The strange passage of time this year is likely to manifest another big shift in retail trends. With consumers now much more comfortable with shopping for all things online and with health concerns still on top of mind, this holiday shopping season will not be like one seen before. According to our new holiday survey, consumers are going to shop earlier than usual and spread out their holiday purchases over a longer time frame than the usual November to December period. They will finally buy things that had been put on the household spending backburner earlier in the year. And they will order these products online, potentially without stepping foot inside a store at all. This means in-person Black Friday doorbusters are not likely to be a thing.
In short, the formal November-December holiday shopping season is meaningless this year — and perhaps forever. The smell of change had been in the air for a few years — evidenced by the growing number of digital shopping milestones situated outside of the traditional holiday period, catalyzed, of course, by Amazon’s Prime Day. This, then, is just the latest on the long list of trends that have been sped up dramatically this year because of the consumer behavioral changes brought on by the pandemic.
Nearly half of US consumers expect to begin their holiday shopping before October 31, according to the AlixPartners survey conducted in early September (Figure 1).
Crucially, 45% of Americans plan on doing most of their holiday shopping online, up 15 percentage points from last year. There are other changes in the offing. Only 50% of consumers plan to visit a store to browse new merchandise, down 26 percentage points from last year.
A concern about health is the dominant reason for relying so heavily on ecommerce, followed by a preference for online shopping, and then its convenience. The top categories where consumers plan to spend the same or more this season are apparel, toys, footwear, and electronics and video games (Figure 3).
Our forecast for this newly defined October through December holiday season is an increase in sales of 1 to 2.6% over the same three-month period last year, when sales totaled $1.132 trillion.
The question for retailers is whether and how fast they can adapt to this new world. Here are our recommendations for what to do right away:
- Encourage customers to leverage pickup options: This is better both for margins, which are lowest for delivery, and may even be the preferred option for some consumers. Customers who don’t want to pay for home delivery but are also wary of coming into the store are likely to adopt curbside pickup and other buy-online-pick-up-in-store options. While most retailers either launched these options or streamlined them when stores first closed in spring, the holiday surge will demand seamless operations, thoughtful store space management, and prioritizing consumer preferences.

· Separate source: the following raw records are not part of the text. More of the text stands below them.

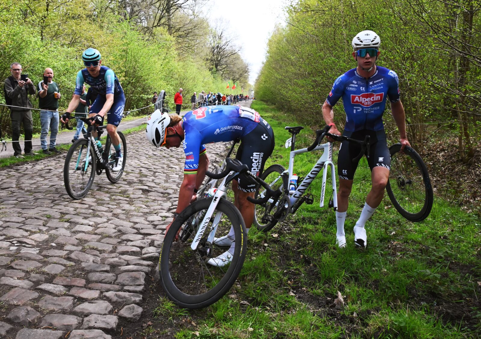 До леса Аренберга Ван дер Пул шёл в группе лидеров. Заезжая на брусчатку, он поймал прокол. Рядом был Йеспер Филипсен. Он быстро спешился и предложил капитану свой велосипед. Однако летучий голландец никак не мог встегнуться в педали. Делать было нечего – пришлось вновь останавливаться. Тибор Дель Гроссо, ещё один товарищ по Alpecin — Premier Tech, методично снял переднее колесо со своего велосипеда и поставил его на велосипед Матье. Проехав пару минут ван дер Пул вновь спешился. Как оказалось — он поймал ещё один прокол. Тотальное невезение…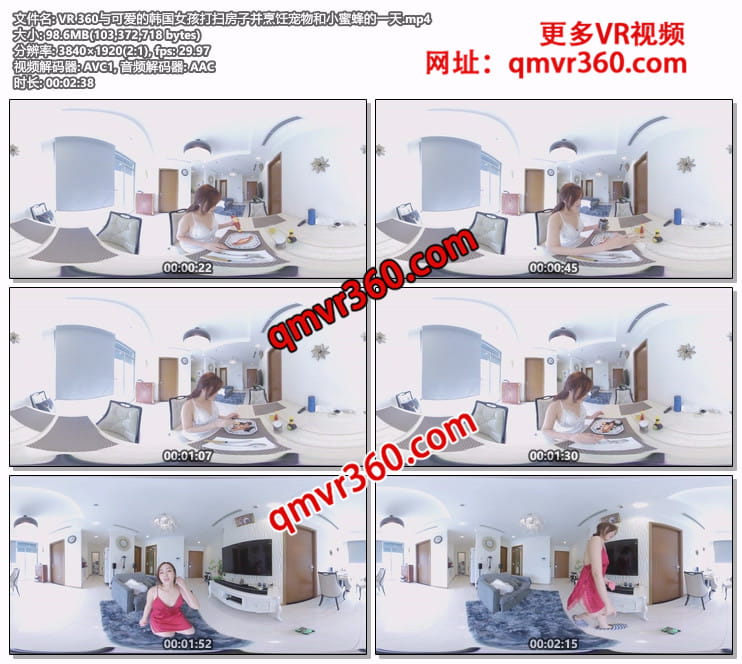 360°全景VR视频:与可爱的韩国女孩打扫房子并烹饪宠物和小蜜蜂的一天 0417-10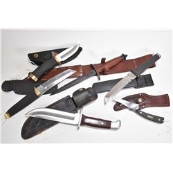 Selection of sharps including vintage Collins no. 1250 bush knife with 15" blade and leather scabba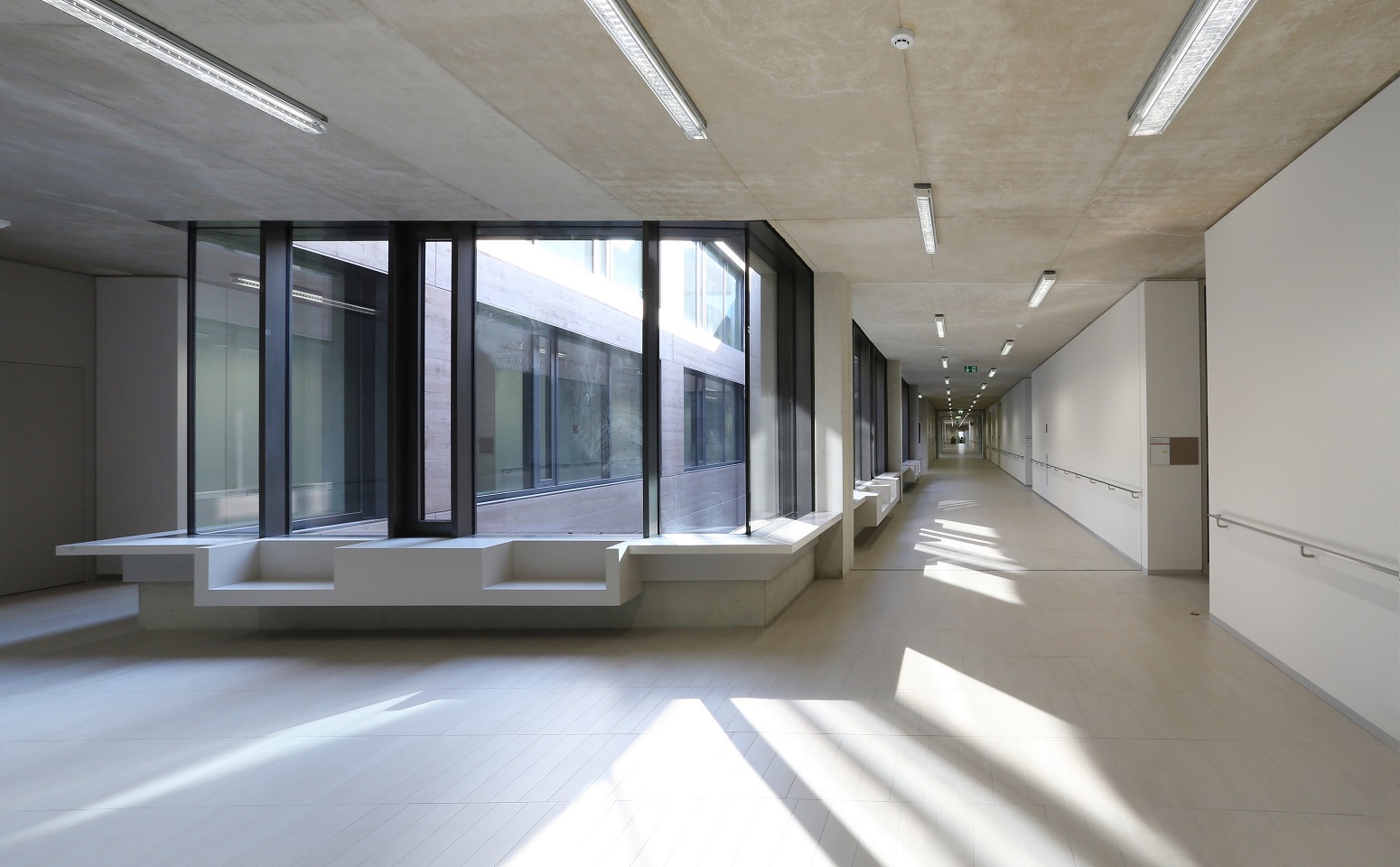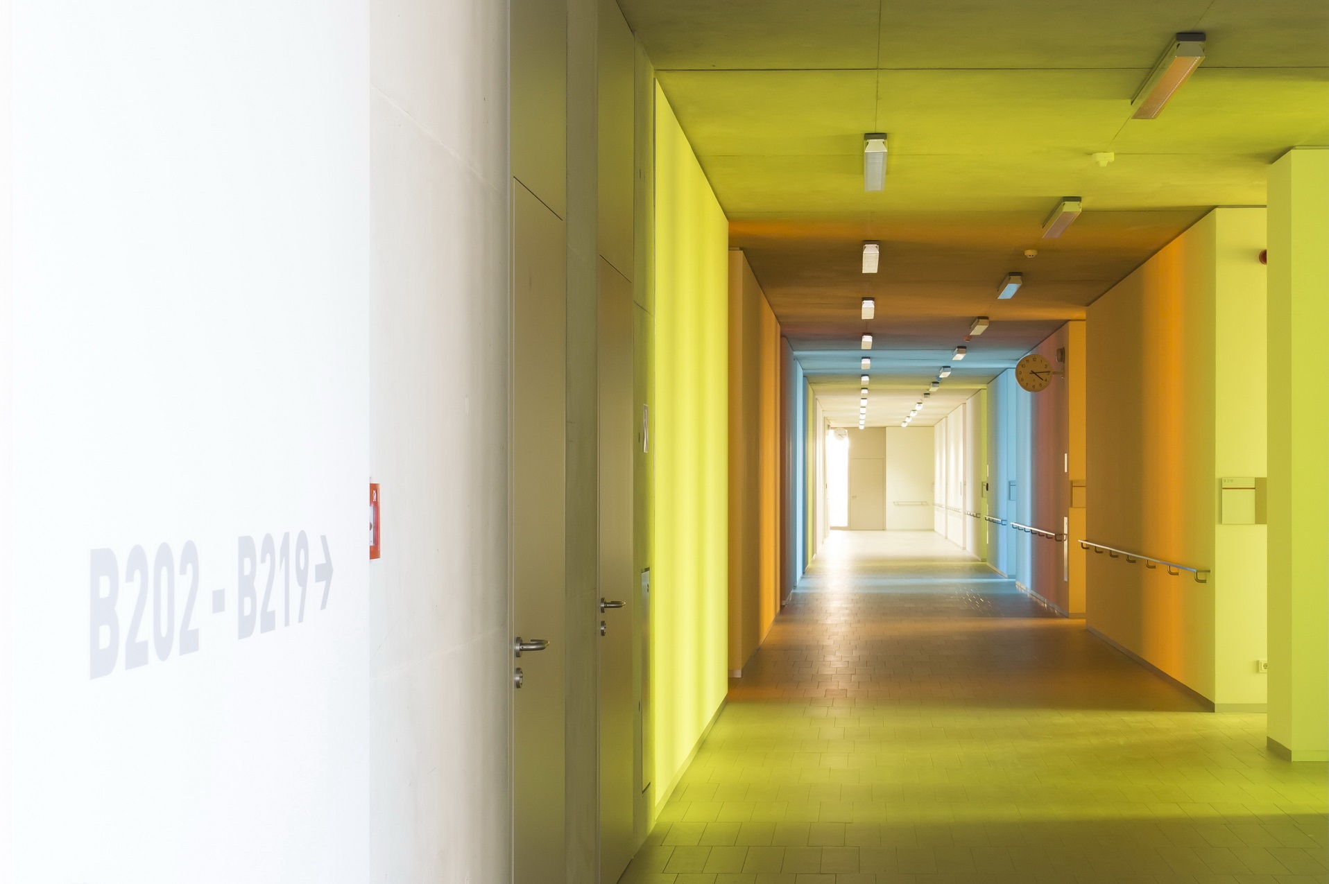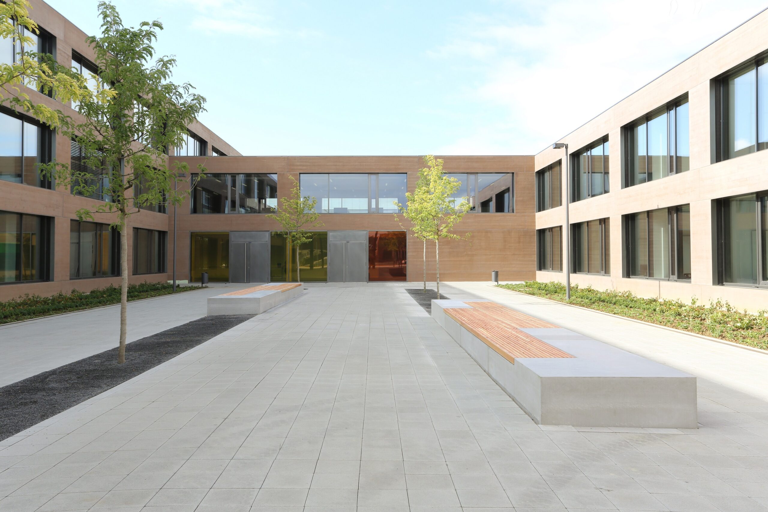 Le contexte du projet n’est pas seulement fourni par le paysage mais aussi par le tracé de végétation traversant le campus et ses six bâtiments. Ainsi l’environnement naturel n’est pas seulement préservé tant bien que mal, mais il est le principe constitutif du projet. L’opposition entre la nature changeante au gré des saisons et l’objet architectural à la géométrie immuable définissent l’atmosphère si particulière du projet.

- Assess new needs in store labor models: The holiday hiring spree is going to look different this year in its requirements. Roles may have to change significantly from customer-facing store associates to packing and shipping, handling increased online returns, and managing the flow of inventory among the various omnichannel options available. You may need to quickly decide how to reallocate or share resources among teams as needs change or new ones arise, which will demand preemptively removing any communication barriers and other internal silos.
- Leverage ecommerce to improve decision-making: Plug in internal ecommerce learnings made over the last few months to model your expected holiday mix of online and in-store transactions, layering in any external market data. Eliminate or reduce marketing investments in areas that you have found to be less productive as this is time to be efficient on cost. Monitor performance continuously and adjust tactics as consumer and competitor behaviors evolve and platform costs shift.
The survey did find that 23% of consumers expect to spend less on holiday shopping than last year, and with such significant behavioral changes in store as well, this could be a tricky season overall. The winners in this environment will be those that can quickly adapt to the dramatic channel shift playing out right now and leverage the resulting increased data to drive decisions that create a seamless and safe customer experience.